Eastward-Propagating Tropopause Folds Amplify Winter Rainfall of Yangtze River Valley

This study analyzes 40 years (1981–2020) of ERA5 reanalysis data to investigate the impact of winter tropopause folds (TF) on precipitation in the Yangtze River Valley. While previous studies have focused on local effects of TF over the Qinghai–Tibet Plateau (QTP), our results reveal that TF are systematically propagating weather events. Originating in QTP, TF propagates eastward thousands of kilometers and significantly affecting precipitation downstream. During intense TF years, averaged total winter precipitation in the Yangtze River Valley increases by 30–50 mm. TF induces a zonal dipole pattern of precipitation, with positive anomalies to the downstream and negative anomalies to the upstream, shifting downstream with TF. With the passage of the TF, positive precipitation anomalies of 3-5 mm·d-1 were observed in the Yangtze River Basin. Further analysis indicates that the TF will trigger an intrusion of high vortex air in upper troposphere, and will induce a cold vortex downstream and a warm high-pressure anomaly upstream at around 500 hPa, which will further disrupt the water vapor in lower troposphere.
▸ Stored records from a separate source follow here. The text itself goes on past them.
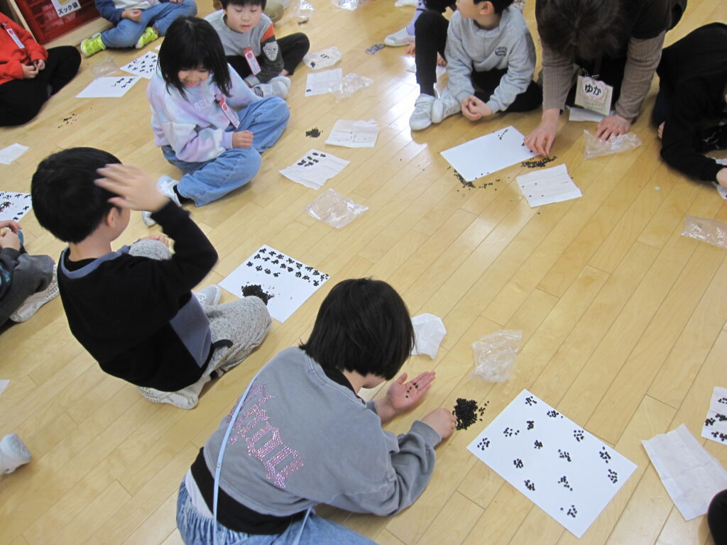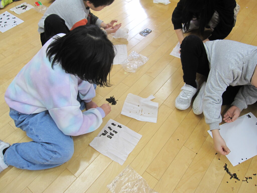 1年生は算数「大きな数」の学習で、自分たちで育てたアサガオの種を10のまとまりを作って数えていました。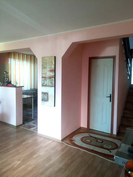 Spatiul se poate compartimenta dupa dorinta. In prezent, la parter este un living open space, un dormitor, bucatarie, debara; baie, iar la etaj trei dormitoare si un living open space cu balcon.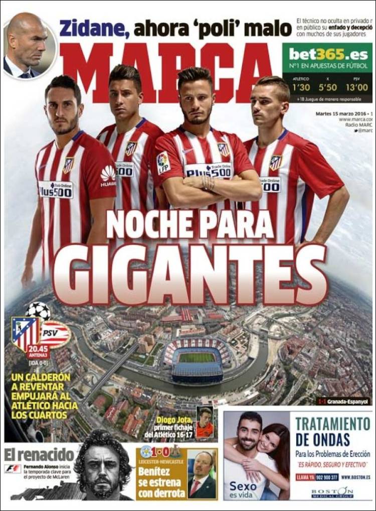 "Zidane, ahora 'poli' malo" dicen los infrasers, "Noche para gigantes" afirman sobre los indios que juegan contra el coco de la Copa de Europa, el PSV. ¡Madre de Dios!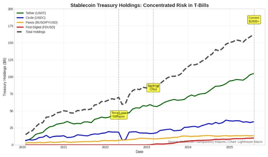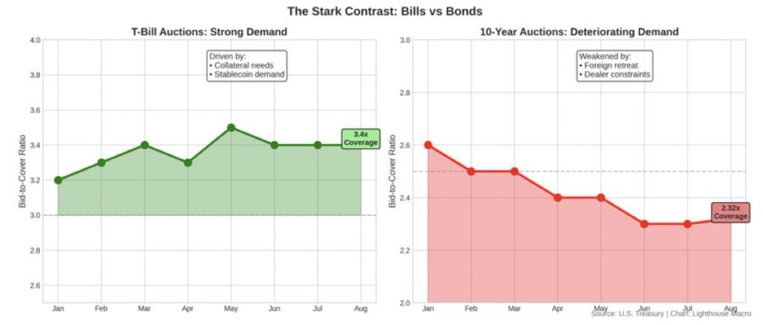 The contrast between the short and long ends of the curve reveals the technical versus fundamental nature of current demand. T-bill auctions remain well-bid with 3.4x coverage ratios, driven by collateral needs and the rise of stablecoin issuers who now hold over $180 billion in T-bills (with Tether alone accounting for $125 billion).
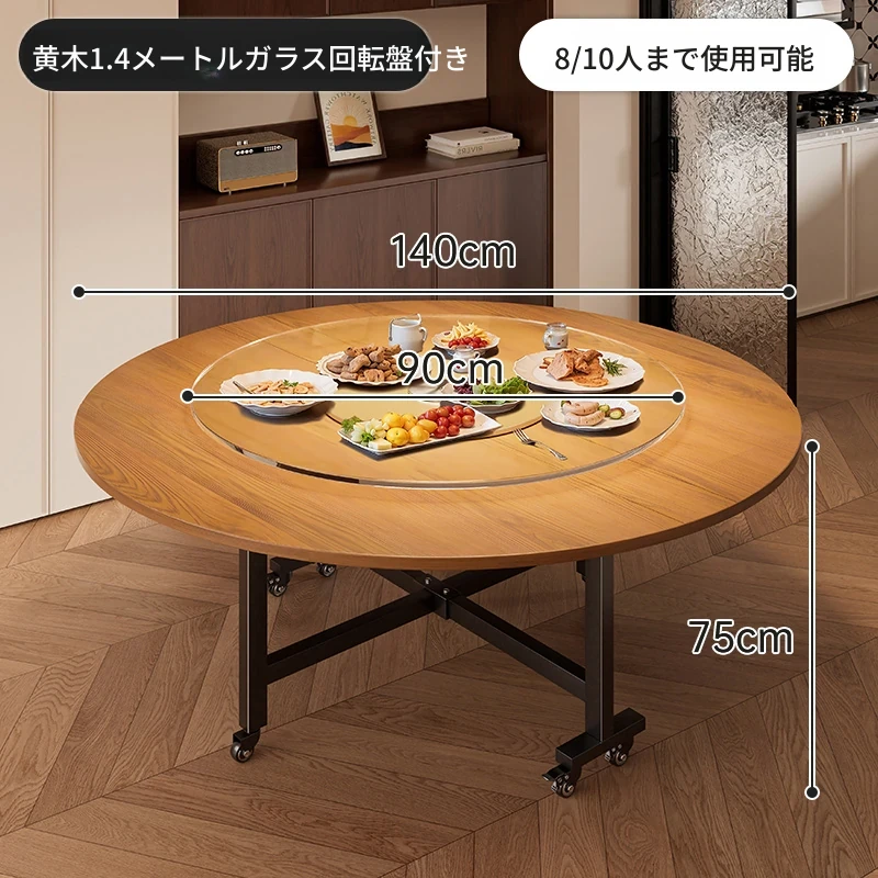イエローペア模様-ガラス天板付き1.4メートル【推奨8-10人】【防汚耐摩】【安定して崩れない】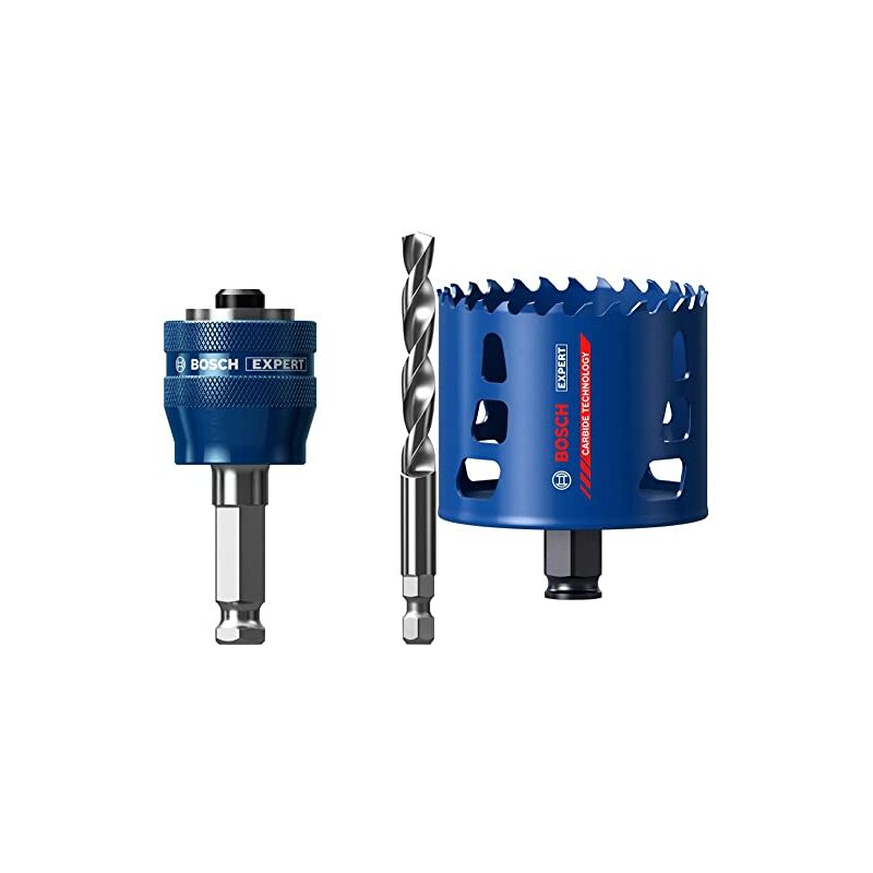 Bosch Professional 1x Adattatori di Seghe a Tazza Expert Power Change Plus (Ø 7,15 mm) + 1x Seghe a Tazza Expert Tough Material (per Legno con Metallo, Ø 80 mm, Accessorio Trapano a Percussione)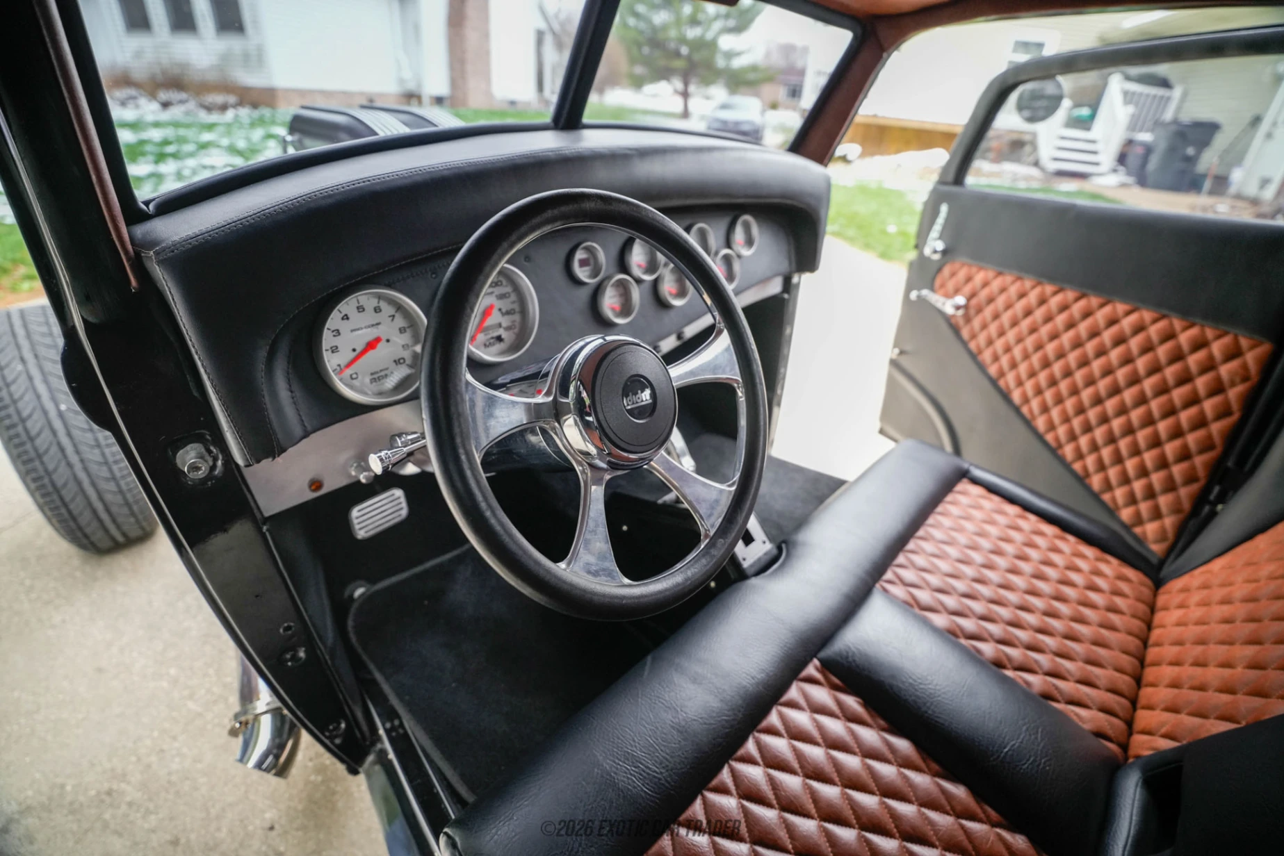 Finished in black, the exterior of this 1932 Chrysler Series CI 3-Window Coupe showcases a clean yet aggressive look with its lowered roofline, removed fenders, and exposed Budnik forged wheels wrapped in meaty tires. Chrome accents, including the mirrors, add contrast, while a canvas sunroof introduces a unique custom touch to the roof. Inside, the cabin follows a cohesive black and brown two-tone theme with custom upholstery throughout the seats and door panels. The dashboard is fitted with white-faced AutoMeter gauges, complemented by an Ididit steering column and a B&M shifter, while the trunk has been reconfigured to house a relocated fuel tank, highlighting the depth of the build.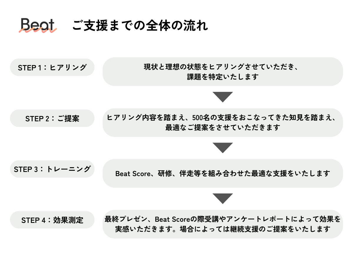 そこで作り上げたのが、この働き方トレーニングプログラムBeatです。今回は法人向けにオーダーメイドで自律を促すためのプログラムを提供いたします。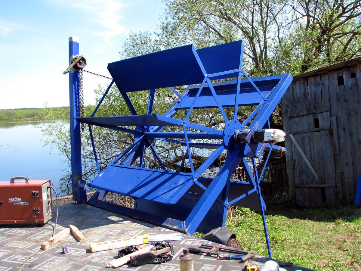 Каждое гребное колесо устанавливается в собственную раму, сваренную из профильной трубы 80х80х4
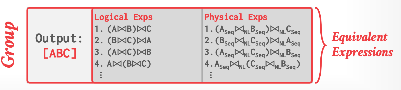 - 一个 group 是一组逻辑上等价的 logical 和 physical expressions,它们输出的结果相同(unordered)

In addition, the strong boundary of the TF impedes the westerly jet and alters the vertical motion of the troposphere, leading to subsidence upstream and convective rise downstream. It is proposed that the systematic eastward propagation of the TF influences local advection and convergence-divergence processes, which anchors the precipitation patterns in the Yangtze River Valley. These findings emphasize the importance of the TF as a moving weather system that exerts a cross-regional influence on Yangtze River Valley precipitation.